Eli ha dejado de mirar. Está sentado debajo de la ventana, de espaldas a la pared, y yo gateo hasta él porque no quiero que el hombre me vea. Me siento a su lado y lo rodeo con el brazo. Él se aprieta contra mí.
Indie y Ky continúan mirando.
«Tan pequeña», no dejo de pensar. Oigo dos golpes sordos y, por un instante, no sé si es mi corazón o el ruido de la tierra al caer sobre la niña en su tumba.
—Iré ahora —susurra por fin Ky—. Esperadme aquí.

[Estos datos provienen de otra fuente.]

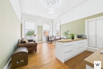 Ideally situated on the first floor, with an immaculately maintained communal stairway, the subject flat is tastefully decorated and generously proportioned with natural light flooding the property. Upon entering, there is an impressive and welcoming hallway with beautiful wooden flooring that flows seamlessly into the open-plan kitchen/living space, creating a warm and elegant feel throughout. From here, the property also offers two sizable double bedrooms and a spacious bathroom.
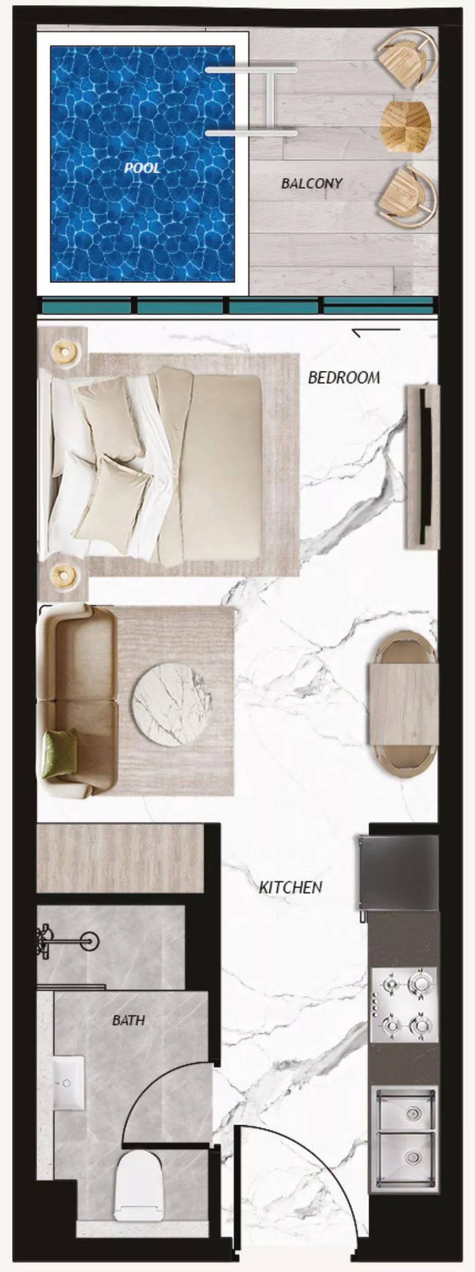 The properties measure from 400 sq. ft to 3,350 sq ft in size. Each residence is complemented with a balcony and a private swimming pool, making your stay even more enjoyable. There are smart home systems installed in all the properties, allowing you to easily adjust the lighting, temperature, security features and more. The 3-bedroom apartments additionally include a laundry room and a maid’s room. It is your choice whether you would like your residence to come furnished or unfurnished.
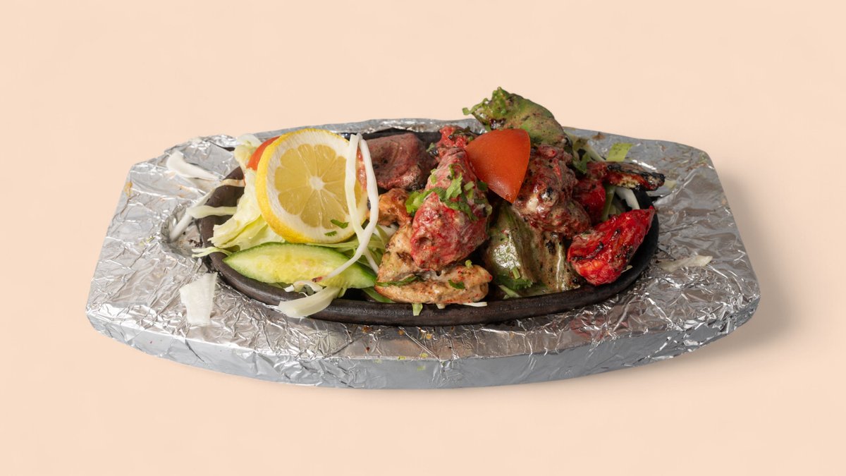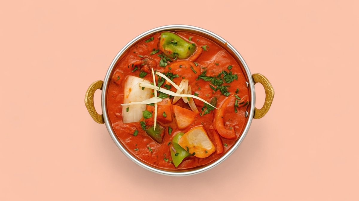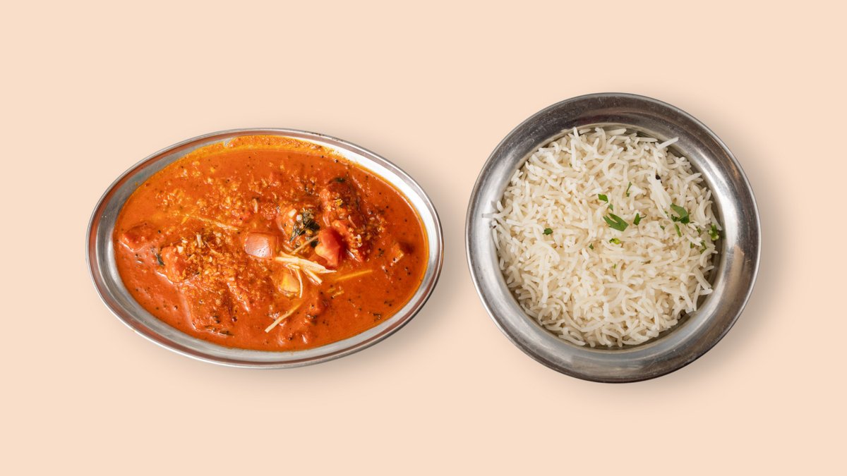 in Safran-Joghurt mariniert, gegrillt, mit Paprika, Zwiebeln, Tomaten, Ingwer in feiner Sahnesoße
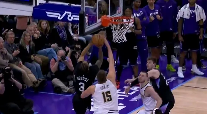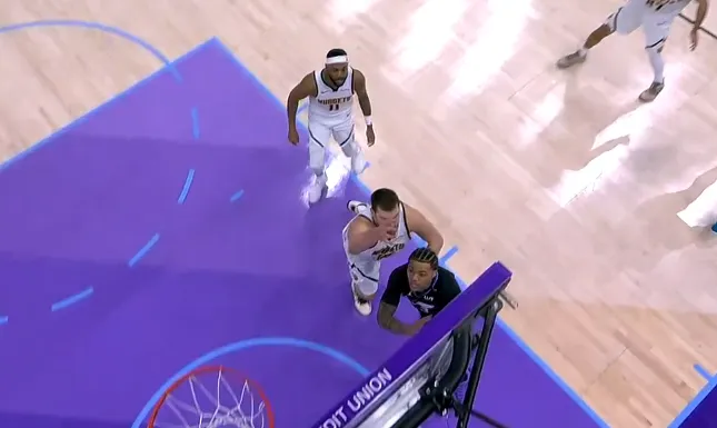 比赛的第四节,约基奇防守乔治上篮领到第六犯,掘金关键挑战成功。
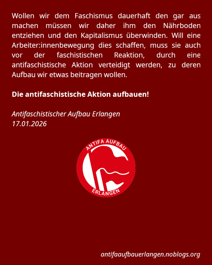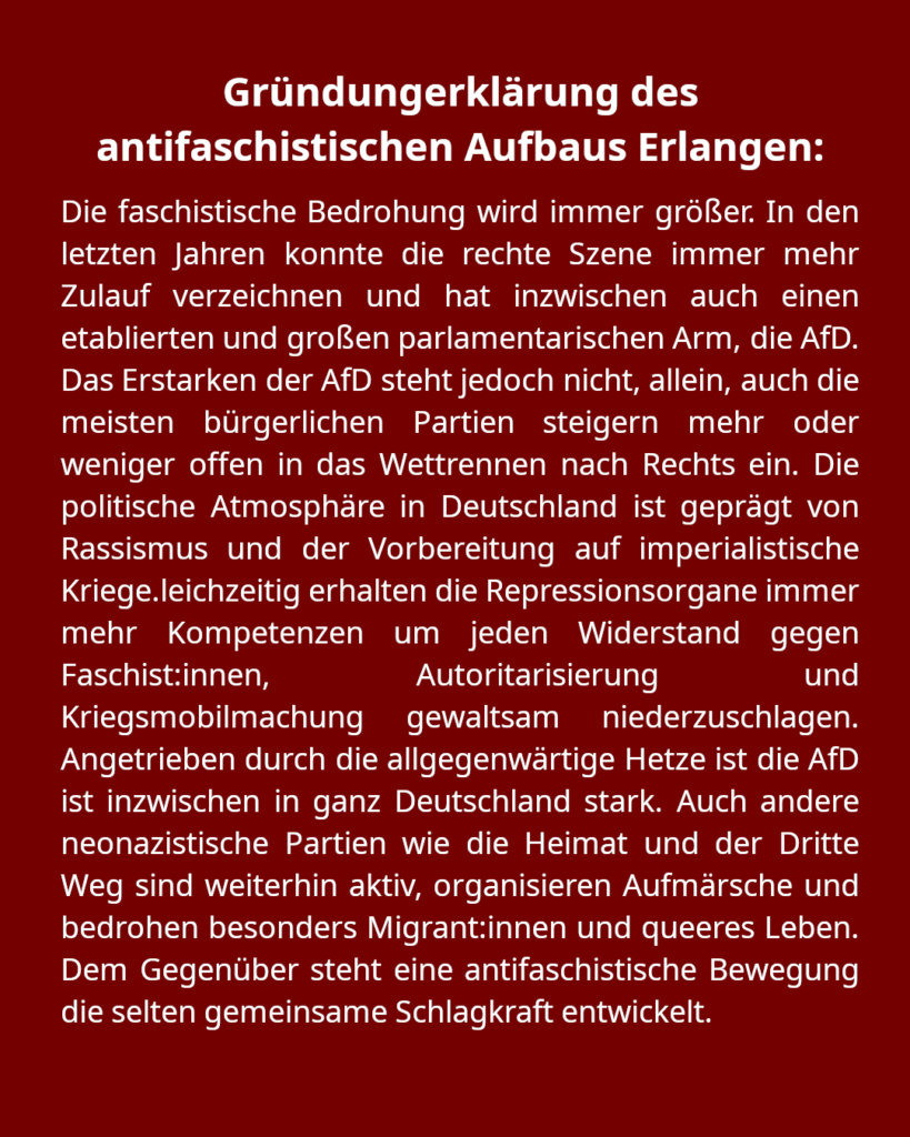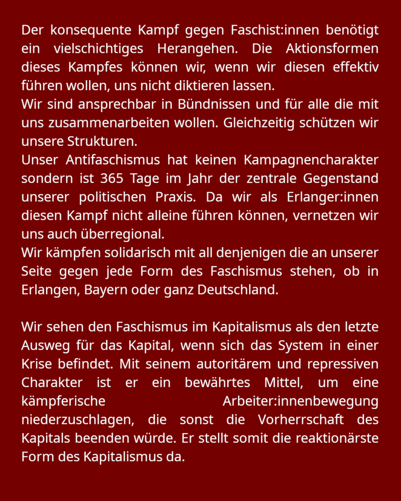 Wir kämpfen solidarisch mit all denjenigen die an unserer Seite gegen jede Form des Faschismus stehen, ob in Erlangen, Bayern oder ganz Deutschland.
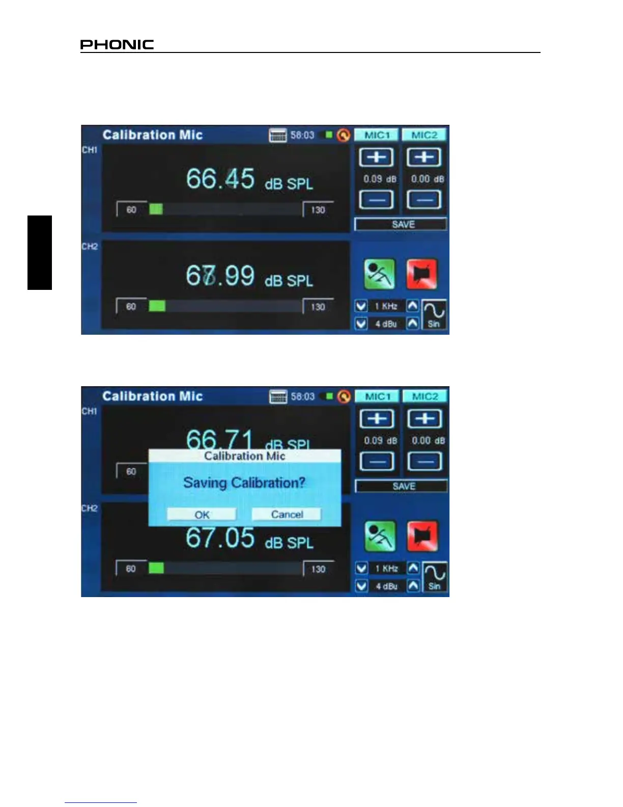 4. Ajuste el nivel medido del calibrador SPL presionando los botones “+” y “-“ hasta que el nivel sea igual
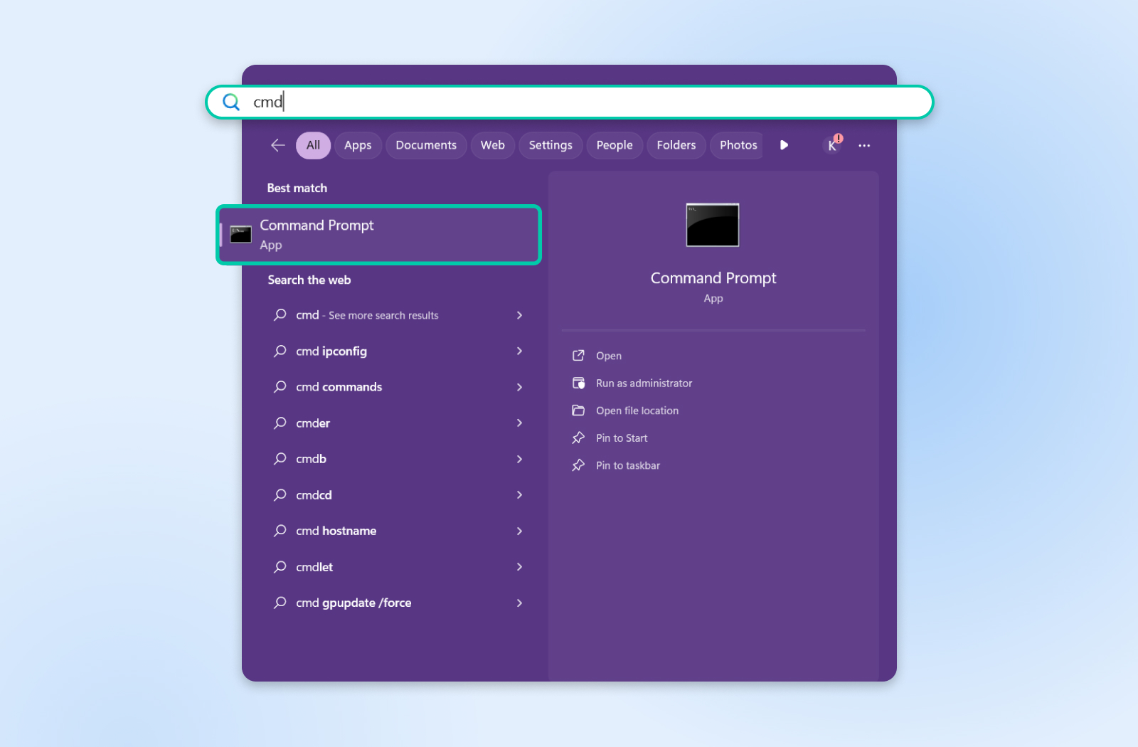 Si estás usando Windows, puedes vaciar el caché de DNS utilizando el Símbolo del sistema. Para acceder a él, escribe “CMD” en la búsqueda de Windows en la barra de tareas y presiona Enter.
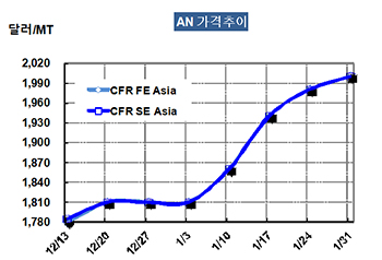 AN 가격은 1월28일 CFR FE Asia 톤당 2000달러로 20달러 상승했다.
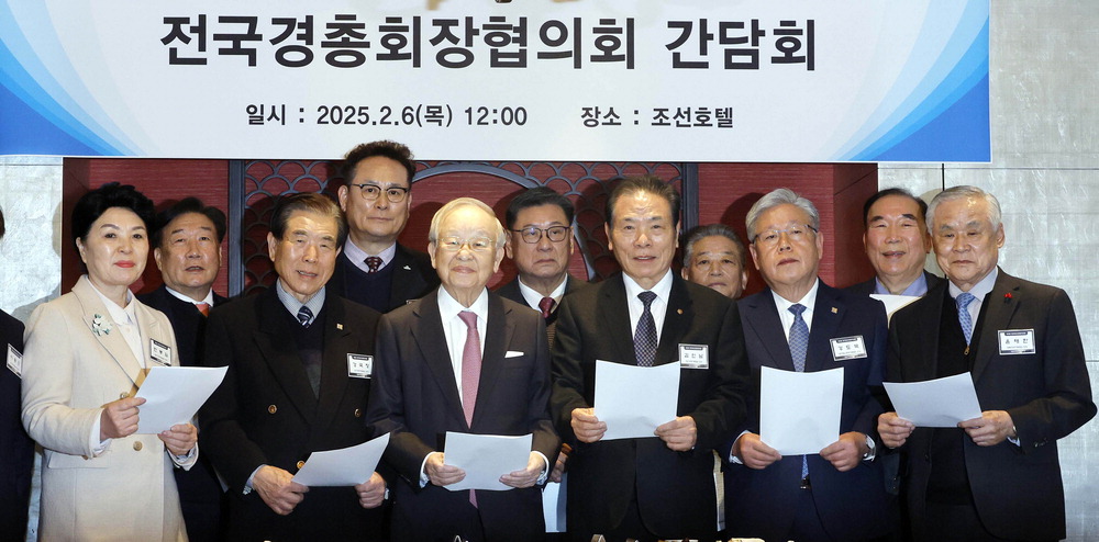 한국경영자총협회와 15개 지방경총 회장으로 구성된 전국경총회장협의회가 6일 서울 웨스틴 조선호텔에서 간담회를 개최하고 '경제 회복과 사회 통합을 위한 호소문'을 발표했다. 협의회는 "경제의 재도약을 위해 정치권,노동계,기업 등 모든 주체가 역량을 결집해야 한다"며 "기업 활력 제고와 민생 안정을 위한 입법에 매진해줄 것을 정치권에 당부한다"고 밝혔다. 왼쪽부터 한봉심 제주경총 회장,박승대 경북동부경총 회장,강국창 인천경총 회장,김춘호 경기경총 회장,손경식 한국경총 회장,유기석 울산양산경총 회장,김인남 대구경총 회장,박동언 강원경총 회장,강도묵 대전충남경총 회장,김광수 부산경총 회장,윤태한 충북경총 회장. 김호영 기자
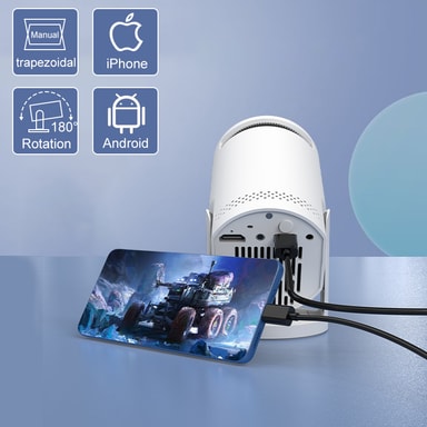 Sömlös Trådbunden Spegling: Anslut enkelt din smartphone via trådbunden spegling för omedelbar innehållsdelning. Ingen komplicerad installation eller trådlösa anslutningar behövs – bara koppla in och spela. Denna funktion gör den idealisk för att dela foton, videor och presentationer direkt från din telefon, vilket säkerställer en stabil och pålitlig anslutning varje gång. Projektorn har också USB- och AUX-portar för mångsidiga anslutningsmöjligheter.
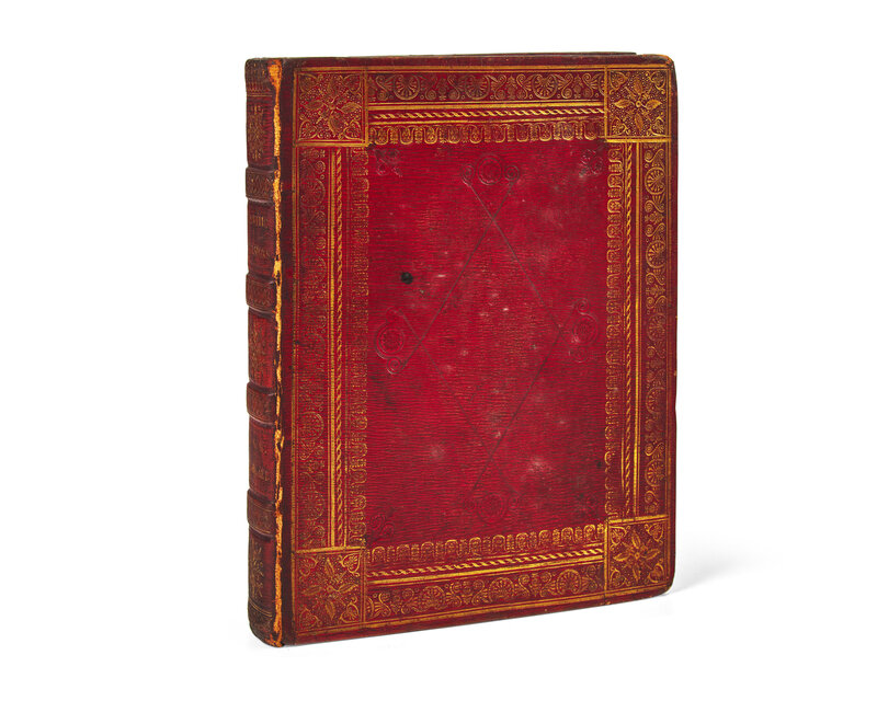 London: Published by Allen & Co., (ca. 1814). Later issue. 4to. (ii), iv, (iii)-iv, v-217, (1) pp. (text leaves variously watermarked 1794, 1799, and 1806); Contents leaf (A2) bound after B2. Illustrated with a hand-colored engraved frontispiece, engraved title-page, and 99 hand-colored engraved plates (three folding), by Isaac Cruikshank after Woodward (frontispiece dated 1807, but plates variously watermarked Willmoth and dated 1808-10). Full contemporary English crimson straight grain morocco, elaborately stamped in blind and in gilt, joints lightly worn, boards lightly worn, spine slightly darkened; all edges gilt; gilt morocco book-plate of Valentine Hollingsworth on front paste-down; contemporary ownership signature on front free endpaper (E.G. Ashby); small abrasion at bottom of title-page from when printed year rubbed out; scattered soiling to text, light offsetting from plates onto same; wear along folds of folding plates.
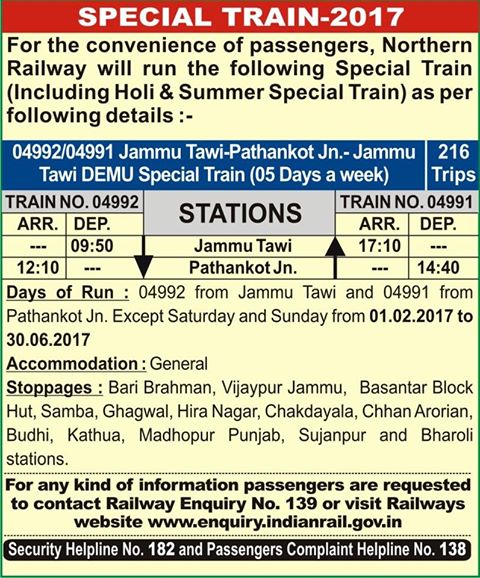 Special Trains 2017 : Jammu Tawi – Pathankot Jn. – Jammu Tawi
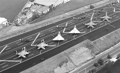 这些作为战备跑道的高速路段,其路面都装有特殊灯光标志,路旁没有障碍物,公路中间的分隔带底部插座盖弹起就是跑道灯。每条跑道长均为2400米,全用水泥浇灌,可起降包括战斗机、运输机在内的各型军用飞机。
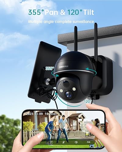 ZUMIMALL Solar Security Cameras Wireless Outdoor, 2K Camera for Home Security with 3MP Color Night Vision, 2.4GHz WiFi, 2-Way Talk, Spotlight & Siren, IP66 Weatherproof, Compatible with Alexa
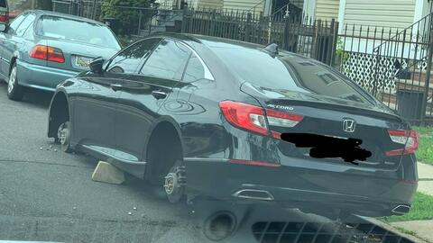 According to officials, residents on Grove Street near Nye Avenue contacted police when they woke up to find a car stripped of its wheels and supported by cinder blocks.
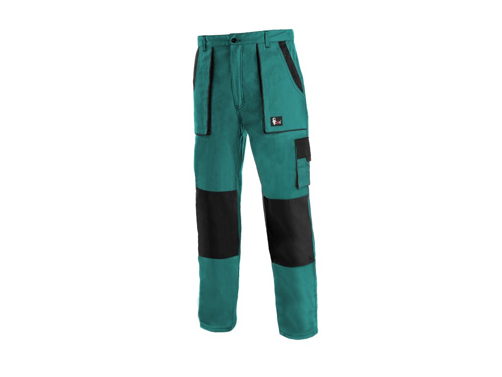 Pánske montérkové nohavicedo pása, zdvojené kolená, pevný pás vzadu na gumu s pútkami na opasok, predné vakové vrecká, bočné vrecká na meter a na mobil.
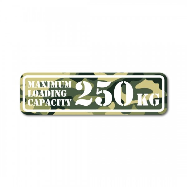 - 最大積載量 迷彩 ステンシル文字 250kg 英語 ステッカー 新品 国内生産 英語 強粘着 マットラミネート 軽自動車 普通車 オシャレ
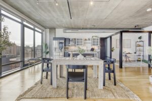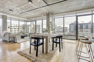 The oversized living and dining area is made for entertaining—whether it’s dinner parties, game nights, or a cozy night in with the skyline as your backdrop.
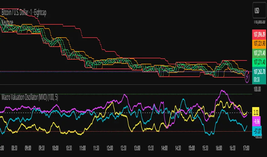 Each Keyzone adapts automatically to price movement, helping traders see where market participants are likely to react. The shorter zones (3, 8) capture quick pullbacks, while the longer zones (21, 89) reveal deeper institutional levels. This makes Keyzone a clear, multi-layered visual map of market structure that adjusts with every new candle.

Le lanzo una mirada de sorpresa. Levanto la cabeza para atisbar por la ventana. El hombre ha terminado de sepultar a la niña. Coge una piedra gris plana y la coloca sobre la tumba rellena ya de tierra. No lo oigo cantar.
—No —susurro.
Ky me mira y enarca las cejas.
—No puedes —digo—. Esperemos a mañana. Mira lo que ha tenido que hacer.
La voz de Ky es dulce pero firme.
—Ya no podemos darle más tiempo. Tenemos que averiguar qué hace aquí.
—Y está solo —añade Indie—. Vulnerable.
Miro a Ky, sorprendida, pero él pasa por alto el comentario de Indie.
—Es el momento apropiado —dice.
Antes de que yo pueda protestar, abre la puerta y sale.